------ EXERCISE MATERIALS ------
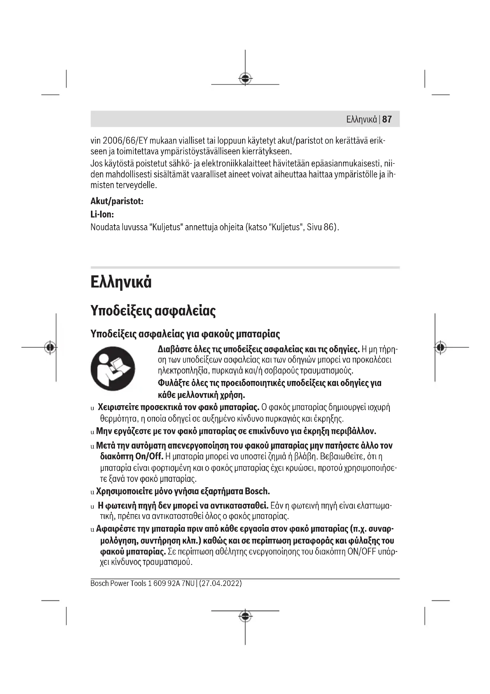 Υποδείξεις ασφαλείας Υποδείξεις ασφαλείας για φακούς μπαταρίας Διαβάστε όλες τις υποδείξεις ασφαλείας και τις οδηγίες. Η μη τήρη- ση των υποδείξεων ασφαλείας και των οδηγιών μπορεί να προκαλέσει ηλεκτροπληξία, πυρκαγιά και/ή σοβαρούς τραυματισμούς. Φυλάξτε όλες τις προειδοποιητικές υποδείξεις και οδηγίες για κάθε μελλοντική χρήση. u Χειριστείτε προσεκτικά τον φακό μπαταρίας. Ο φακός μπαταρίας δημιουργεί ισχυρή θερμότητα, η οποία οδηγεί σε αυξημένο κίνδυνο πυρκαγιάς και έκρηξης. u Μην εργάζεστε με τον φακό μπαταρίας σε επικίνδυνο για έκρηξη περιβάλλον.u Μετά την αυτόματη απενεργοποίηση του φακού μπαταρίας μην πατήσετε άλλο τον διακόπτη On/Off. Ημπαταρία μπορεί να υποστεί ζημιά ή βλάβη. Βεβαιωθείτε, ότι η μπαταρία είναι φορτισμένη και ο φακός μπαταρίας έχει κρυώσει, προτού χρησιμοποιήσε- τε ξανά τον φακό μπαταρίας. u Χρησιμοποιείτε μόνο γνήσια εξαρτήματα Bosch. u Η φωτεινή πηγή δεν μπορεί να αντικατασταθεί. Εάν η φωτεινή πηγή είναι ελαττωμα- τική, πρέπει να αντικατασταθεί όλος ο φακός μπαταρίας. u Αφαιρέστε την μπαταρία πριν από κάθε εργασία στον φακό μπαταρίας (π.χ. συναρ- μολόγηση, συντήρηση κλπ.) καθώς και σε περίπτωση μεταφοράς και φύλαξης του φακού μπαταρίας. Σε περίπτωση αθέλητης ενεργοποίησης του διακόπτη ON/OFF υπάρ- χει κίνδυνος τραυματισμού. Bosch Power Tools 1 609 92A 7NU | (27.04.2022)88 | Ελληνικά u Μην κατευθύνετε την ακτίνα επάνω σε πρόσωπα ή ζώα και μην κοιτάζετε οι ίδιοι κατευθείαν στην ακτίνα, ακόμη και από μεγάλη απόσταση. u Μη χρησιμοποιείτε τον φακό μπαταρίας στην οδική κυκλοφορία. Ο φακός μπαταρί- ας δεν είναι εγκεκριμένος για τον φωτισμό στην οδική κυκλοφορία. ΠΡΟΣΟΧΗ! Μην κοιτάτε τη φωτεινή ακτίνα για μεγάλο χρονικό διάστημα. Η οπτική ακτινοβολία μπορεί να βλάψει τα μάτια σας. u Μην καλύπτετε την κεφαλή του φωτιστικού, κατά τη διάρκεια που ο φακός μπατα- ρίας βρίσκεται σε λειτουργία. Η κεφαλή του φωτιστικού θερμαίνεται κατά τη λειτουρ- γία και μπορεί να προκαλέσει εγκαύματα, όταν η θερμότητα συσσωρεύεται. u Σε περίπτωση βλάβης ή/και αντικανονικής χρήσης της μπαταρίας μπορεί να εξέλ- θουν αναθυμιάσεις από την μπαταρία. Η μπαταρία μπορεί να αναφλεγεί ή να εκρα- γεί.Αφήστε να μπει φρέσκος αέρας και επισκεφτείτε έναν γιατρό σε περίπτωση που έχε- τε ενοχλήσεις. Οι αναθυμιάσεις μπορεί να ερεθίσουν τις αναπνευστικές οδούς. u Σε περίπτωση λάθους χρήσης ή χαλασμένης μπαταρίας μπορεί να διαρρεύσει εύ- φλεκτο υγρό από την μπαταρία. Αποφεύγετε κάθε επαφή μ’ αυτό. Σε περίπτωση τυχαίας επαφής ξεπλυθείτε με νερό. Σε περίπτωση που τα υγρά έρθουν σε επαφή με τα μάτια, πρέπει να ζητήσετε επίσης και ιατρική βοήθεια. Τα διαρρέοντα υγρά μπαταρίας μπορεί να οδηγήσουν σε ερεθισμούς του δέρματος ή σε εγκαύματα. u Από αιχμηρά αντικείμενα, όπως π.χ. καρφιά ή κατσαβίδια ή από εξωτερική άσκηση δύναμης μπορεί να υποστεί ζημιά η μπαταρία. Μπορεί να προκληθεί ένα εσωτερικό βραχυκύκλωμα με αποτέλεσμα την ανάφλεξη, την εμφάνιση καπνού, την έκρηξη ή την υπερθέρμανση της μπαταρίας. u Κρατάτε τις μπαταρίες που δε χρησιμοποιείτε μακριά από συνδετήρες χαρτιών, νο- μίσματα, κλειδιά, καρφιά, βίδες κι άλλα μικρά μεταλλικά αντικείμενα που μπορούν να βραχυκυκλώσουν τις επαφές της μπαταρίας. Ένα βραχυκύκλωμα των επαφών της μπαταρίας μπορεί να προκαλέσει τραυματισμούς ή φωτιά. u Μην ανοίγετε την μπαταρία. Υπάρχει κίνδυνος βραχυκυκλώματος. u Χρησιμοποιείτε την μπαταρία μόνο σε προϊόντα
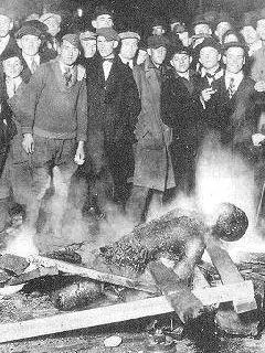 Often the lynch mob acted with haste, but on other occasions the lynching was a long-drawn out affair with speeches, food-eating, and, unfortunately, ritualistic and sadistic torture: victims were dragged behind cars, pierced with knives, burned with hot irons or blowtorches, had their fingers and toes cut off, had their eyes cut out, and were castrated -- all before being hanged or burned to death. One Mississippi newspaper referred to these gruesome acts as "Negro barbeques." 4
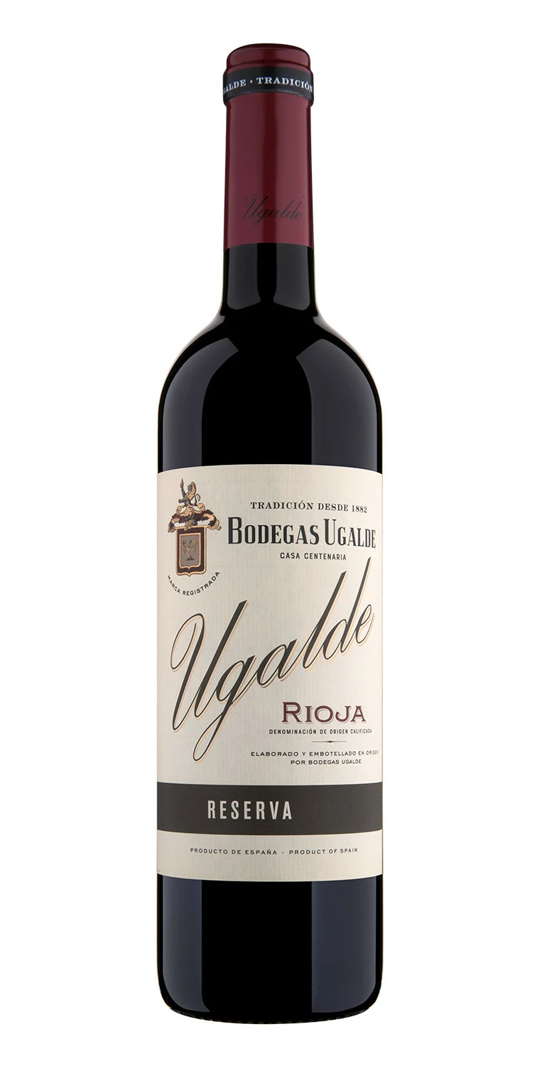 Bodegas Ugalde, firma centenaria fundada en Haro, forma parte hoy del pujante grupo Príncipe de Viana, y sus vinos fusionan tradición y vanguardia. Seleccionamos Ugalde Reserva 2018, elaborado mediante un ensamblaje típico riojano: tempranillo (mayoritaria), graciano y mazuelo.
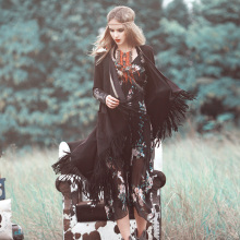 迷阵2016春装原创女装民族风中长款风衣流苏开衫披肩外套MZ07048
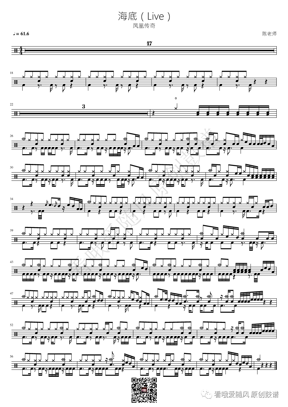 凤凰传奇《海底》架子鼓谱(Live), 看哦爱随风编配出品,共有1张高清图谱,由打鼓谱上传并分享。NO.372 海底(Live)凤凰传奇 鼓谱
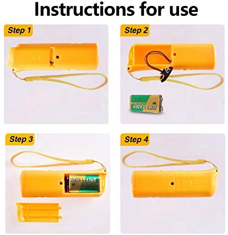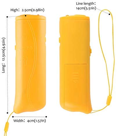 • Amplia cobertura: Lleva un rango ultrasónico de hasta 16.4 ft – capaz de enviar un mensaje a los perros antes de que se vuelvan agresivos (se requiere batería de 9 voltios/no incluida).
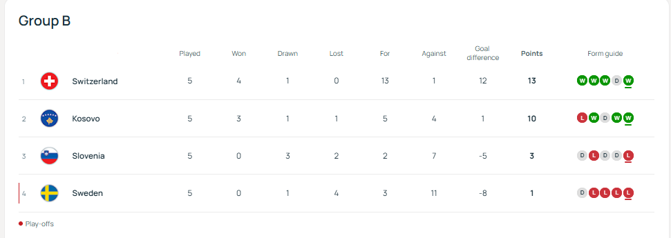Швейцария беш ўйинда 13 очко тўплаган, аммо ҳозирча худди испанлар каби йўлланмани расмийлаштирмади: асосий таъқибчи Косово уч очколик фарқ билан таъқиб қилмоқда, аммо тўплар нисбатидаги фарқ жуда катта (+11). Швеция эса Миллатлар лигаси орқали ЖЧ-2026 учун йўлланма олишга ҳаракат қилади.
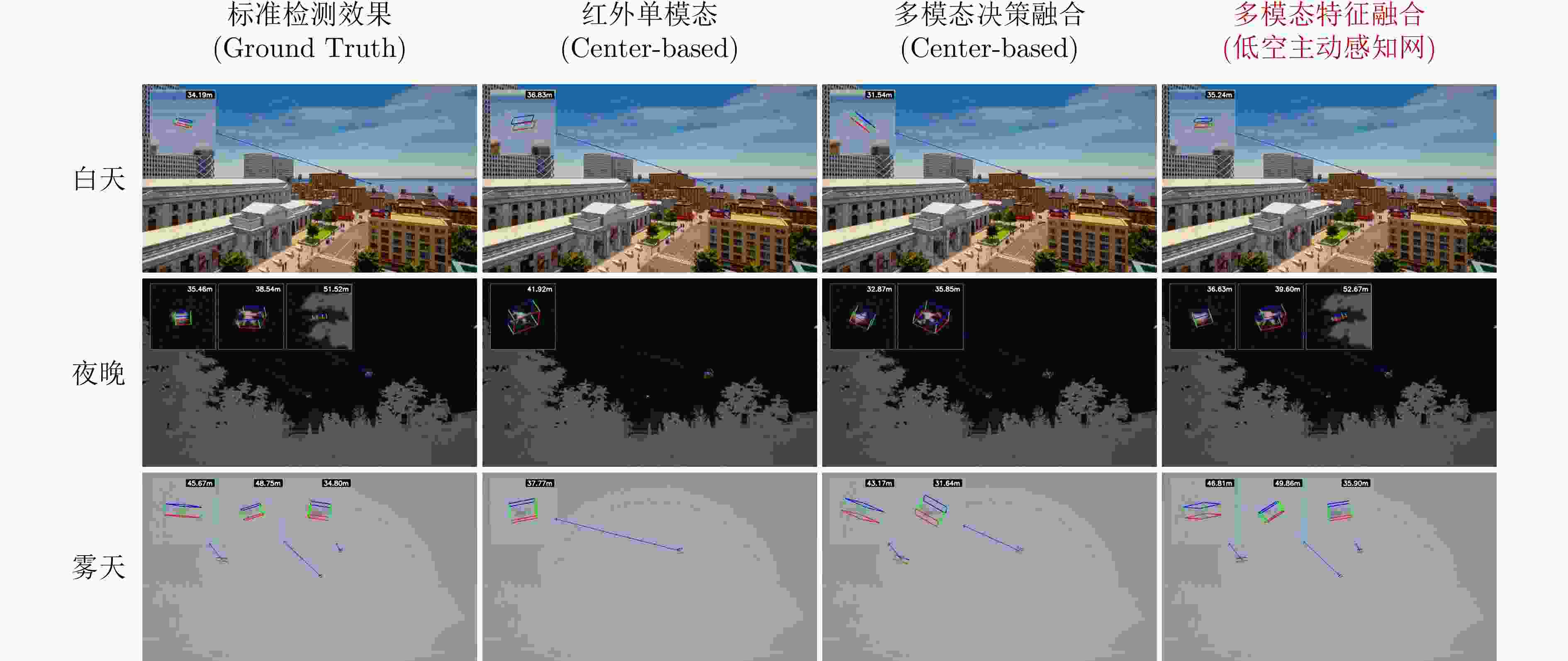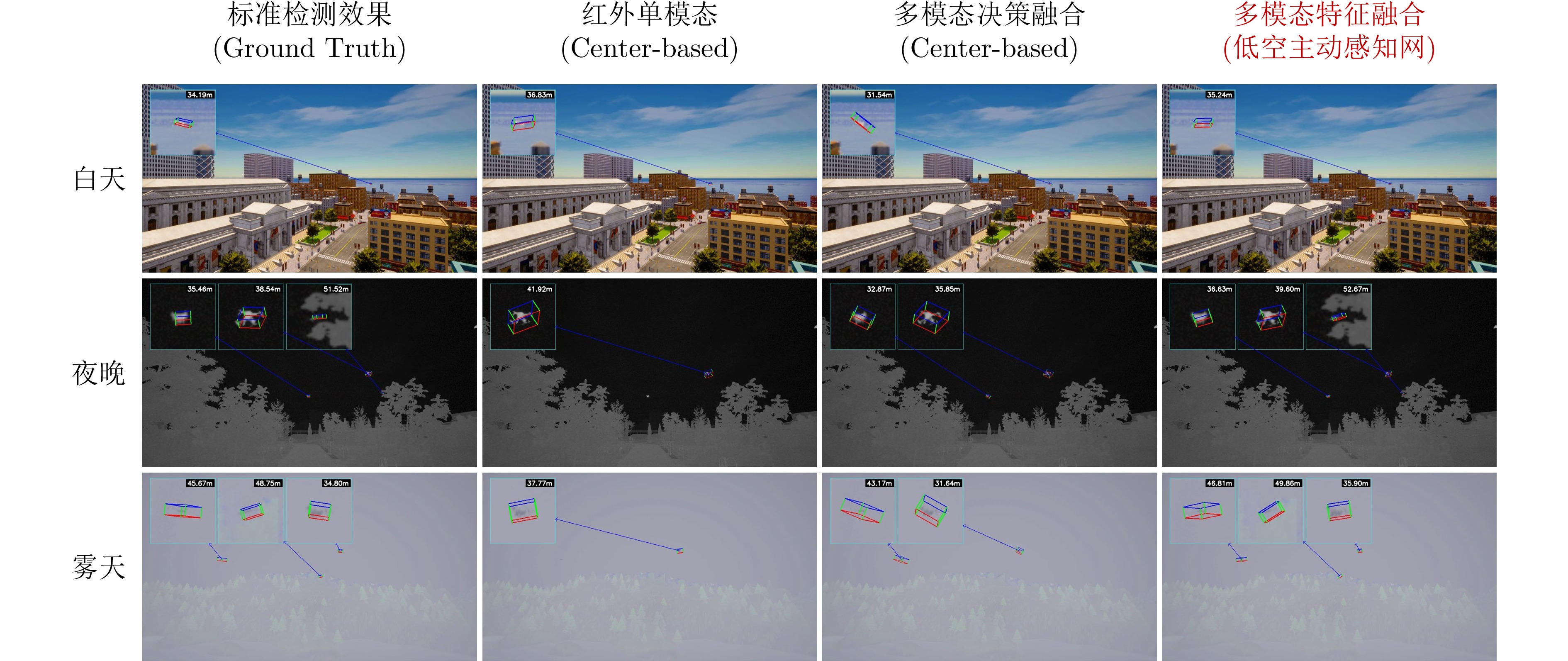 方法 模态与融合策略 旋转误差(°) 位置误差 (m) 尺寸误差(m) 3维目标检测精度(AP) YOLO-6D RGB-only(单模态) 26.47 7.21 0.43 11.78 YOLO-6D IR-only(单模态) 24.15 6.83 0.41 12.26 YOLO-6D 决策级融合 (Late Fusion) 22.73 5.95 0.40 13.89 Center-based RGB-only(单模态) 21.65 6.48 0.42 13.07 Center-based IR-only(单模态) 19.29 5.76 0.40 14.64 Center-based 决策级融合 (Late Fusion) 17.84 4.92 0.39 17.38 本文所提出的低空感知网方案 几何引导特征融合 10.57 3.64 0.35 26.72 注:加粗数值表示最优。 -
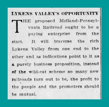 The proposed Midland Pennsylvania Railroad ought to be a paying enterprise from the start. It will traverse the rich Lykens Valley from one end to the other and as indications point to it as a purely business proposition, instead of the wild-cat scheme so many new railroads turn out to be, the profit to the people and the promoters should be mutual.
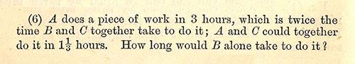 For James Hamblin Smith, to whom Leacock refers (slightly inaccurately), was a highly successful private tutor at Cambridge in the nineteenth century, and if we turn to page 172 of his Treatiseon Arithmetic(1889) we do indeed find A, B, and C engaged in a variety of tasks includingtheoneinFig.7.
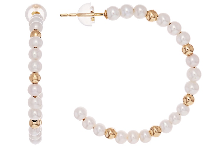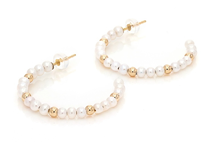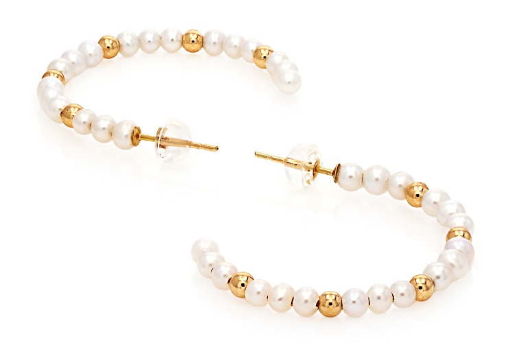 3mm White Cultured Freshwater Pearl 14k Yellow Gold 35mm Earrings. Measure approximately 1 1/4" L x 1/8" W and have bullet back backings. Colors, shapes, and sizes may vary.
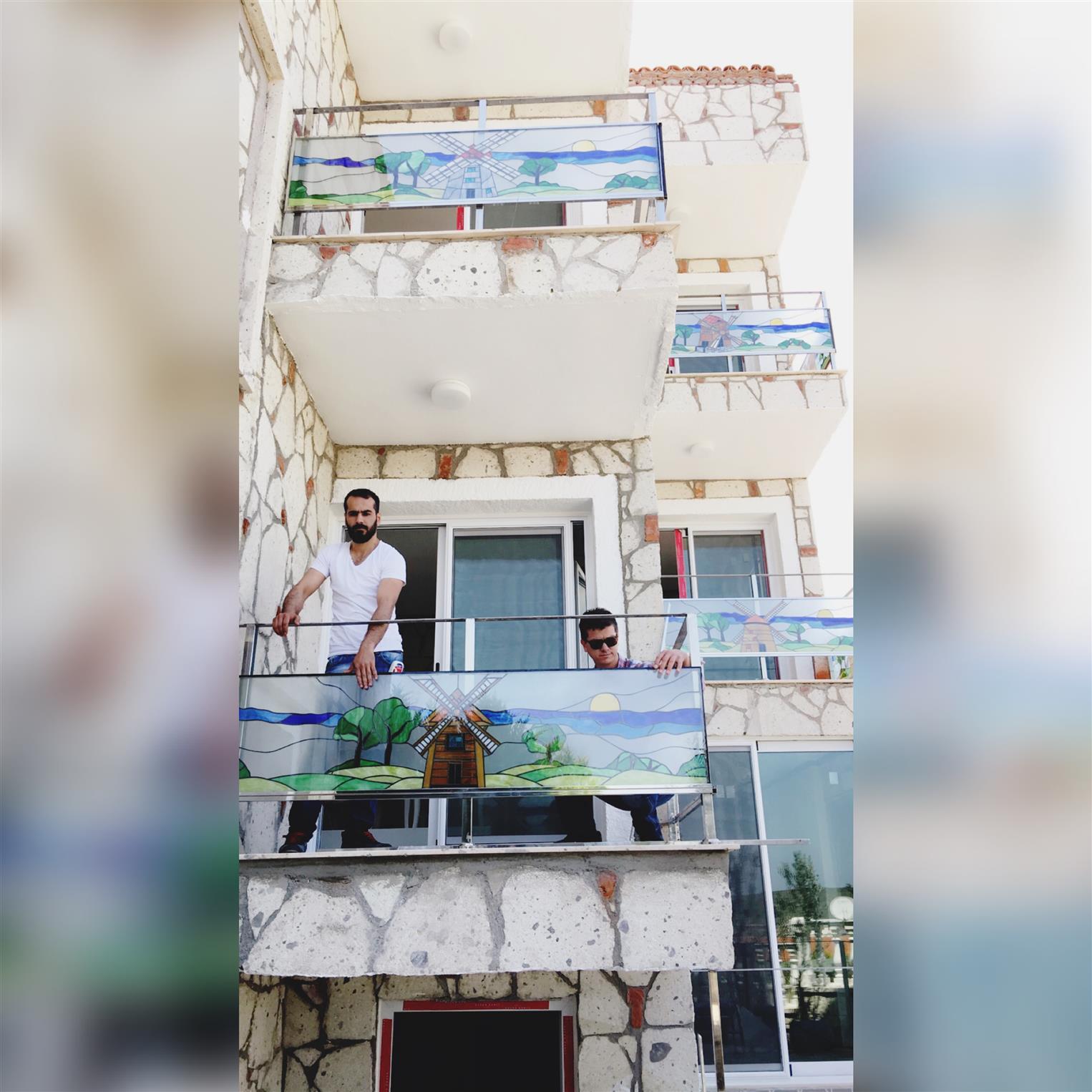İzmir Alaçatı da Boağaziçi Restaurant ın sahip olduğu Boğaziçi Restaurant butik otelenin merdiven trabzanlarına özel tasarım ve uygulama yapılan renkli camlar ile vitray uygulmasıdır.
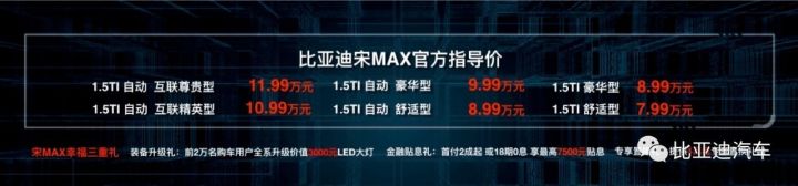 在一起,更完美!2017年9月25日,比亞迪攜國際大師專為中國主流家庭量身打造的“大美7座車”——宋MAX在北京水立方震撼上市,售價7.99萬——11.99萬元,樹立了10-15萬級家用7座車品質標桿,F(xiàn)在購車的用戶還可享幸福三重禮,購車輕松無壓力。
------
- **TASK PROMPT**
In the data above, the stretch from the line with "Often the lynch" through the line with "看哦爱随风编配出品,共有1张高清图谱,由打鼓谱上传并分享。NO.372 海底(Live)凤凰传奇 鼓谱" is to be returned exactly, minus any pictures.

- **EXERCISE OUTPUT**
 Often the lynch mob acted with haste, but on other occasions the lynching was a long-drawn out affair with speeches, food-eating, and, unfortunately, ritualistic and sadistic torture: victims were dragged behind cars, pierced with knives, burned with hot irons or blowtorches, had their fingers and toes cut off, had their eyes cut out, and were castrated -- all before being hanged or burned to death. One Mississippi newspaper referred to these gruesome acts as "Negro barbeques." 4
 Bodegas Ugalde, firma centenaria fundada en Haro, forma parte hoy del pujante grupo Príncipe de Viana, y sus vinos fusionan tradición y vanguardia. Seleccionamos Ugalde Reserva 2018, elaborado mediante un ensamblaje típico riojano: tempranillo (mayoritaria), graciano y mazuelo.
 迷阵2016春装原创女装民族风中长款风衣流苏开衫披肩外套MZ07048
 凤凰传奇《海底》架子鼓谱(Live), 看哦爱随风编配出品,共有1张高清图谱,由打鼓谱上传并分享。NO.372 海底(Live)凤凰传奇 鼓谱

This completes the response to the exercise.